Excerpts from a dataset
..............................

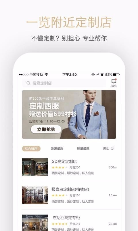 可以在app中快速的查看附近的订制门店,这样用户就能更轻松的知道门店的位置信息;
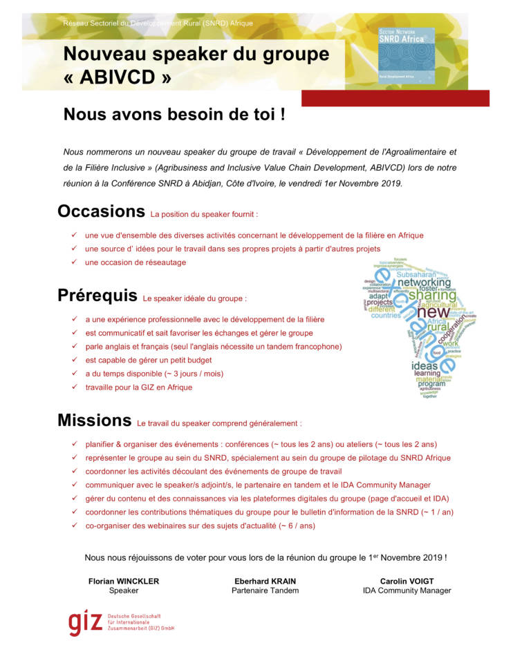 Le groupe de travail ABIVCD recherche un nouveau président Le groupe de travail ABIVCD recherche un nouveau présidentCollègues intéressés à saisir cette opportunité, veuillez trouver plus d’informations Télécharger Pascal Corbé2019-08-13T15:43:33+02:00août 13th, 2019|Catégories : Agrobusiness inclusif, MISES À JOUR|
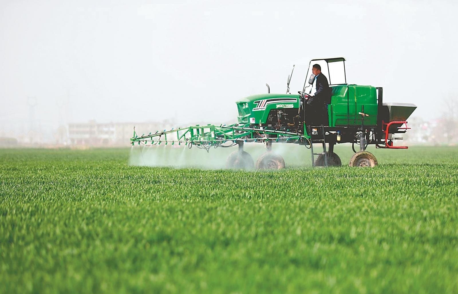 2月22日,在阜阳市颍东区新华街道浩丰种植专业合作社,农民驾驶自走式高杆喷雾机对小麦进行喷药作业。通讯员宿飞摄
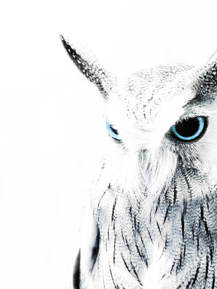 Mockup Portrait of a white owl with bright blue eyes against a dark background.
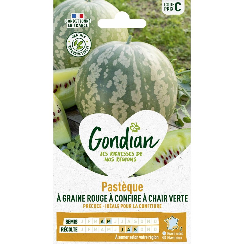 GONDIAN Pastèque à graine rouge À CONFIRE À CHAIR VERTE Sachet CODE PRIX C
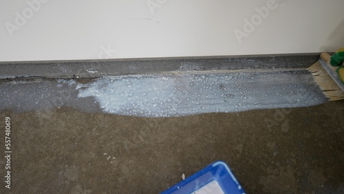 Naklejka premium Grounding the floor, preparing the floor for laying mortar. A worker applies a primer to the floor with a brush.
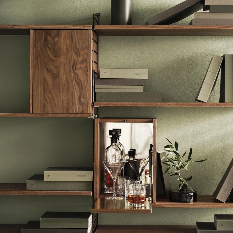 A Scandinavian design icon! The String shelving system was designed in 1949 by the famous Swedish designer Nils Strinning. The String shelf is still manufactured in Sweden according to high quality standards. Its design has not changed since 1949. Totally flexible, this shelving system gives you complete freedom to customise the look, dimensions and functions of your furniture. All elements (uprights, shelves, compartments) are sold separately and very easily assembled. The shelves and compartments fit easily into the side pillars without the use of tools. Shelves and compartments are adjustable in height. To make your String composition, just buy at least 2 side uprights. You can choose between floor- (which stand on the floor) or wall-mounted uprights. If you want to expand your shelving, you can add a third upright or more. This little compartment has a drop-down door (opens at the bottom). It measures: L 28 x D 30 cm x H 38 cm. This little compartment is compatible with all String® System plexi and grilled elements with a depth of 30 cm. It should be placed above a shelf or another String compartment, and attached to either of the uprights. The interior of the door is plated with brushed stainless steel. The bottom of the compartment is covered with a mirror plating. The compartment comes disassembled.
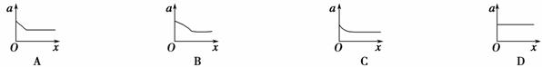 如图所示,水平面绝缘且光滑,弹簧左端固定,右端连一轻质绝缘挡板,空间存在着水平方向的匀强电场,一带电小球在电场力和挡板压力作用下静止.若突然将电场反向,则小球加速度的大小随位移x变化的关系图象可能是下图中的( A )

..............................

Reproduce each entry verbatim, excluding any embedded images.

 可以在app中快速的查看附近的订制门店,这样用户就能更轻松的知道门店的位置信息;
 Le groupe de travail ABIVCD recherche un nouveau président Le groupe de travail ABIVCD recherche un nouveau présidentCollègues intéressés à saisir cette opportunité, veuillez trouver plus d’informations Télécharger Pascal Corbé2019-08-13T15:43:33+02:00août 13th, 2019|Catégories : Agrobusiness inclusif, MISES À JOUR|
 2月22日,在阜阳市颍东区新华街道浩丰种植专业合作社,农民驾驶自走式高杆喷雾机对小麦进行喷药作业。通讯员宿飞摄
 Mockup Portrait of a white owl with bright blue eyes against a dark background.
 GONDIAN Pastèque à graine rouge À CONFIRE À CHAIR VERTE Sachet CODE PRIX C
 Naklejka premium Grounding the floor, preparing the floor for laying mortar. A worker applies a primer to the floor with a brush.
 A Scandinavian design icon! The String shelving system was designed in 1949 by the famous Swedish designer Nils Strinning. The String shelf is still manufactured in Sweden according to high quality standards. Its design has not changed since 1949. Totally flexible, this shelving system gives you complete freedom to customise the look, dimensions and functions of your furniture. All elements (uprights, shelves, compartments) are sold separately and very easily assembled. The shelves and compartments fit easily into the side pillars without the use of tools. Shelves and compartments are adjustable in height. To make your String composition, just buy at least 2 side uprights. You can choose between floor- (which stand on the floor) or wall-mounted uprights. If you want to expand your shelving, you can add a third upright or more. This little compartment has a drop-down door (opens at the bottom). It measures: L 28 x D 30 cm x H 38 cm. This little compartment is compatible with all String® System plexi and grilled elements with a depth of 30 cm. It should be placed above a shelf or another String compartment, and attached to either of the uprights. The interior of the door is plated with brushed stainless steel. The bottom of the compartment is covered with a mirror plating. The compartment comes disassembled.
 如图所示,水平面绝缘且光滑,弹簧左端固定,右端连一轻质绝缘挡板,空间存在着水平方向的匀强电场,一带电小球在电场力和挡板压力作用下静止.若突然将电场反向,则小球加速度的大小随位移x变化的关系图象可能是下图中的( A )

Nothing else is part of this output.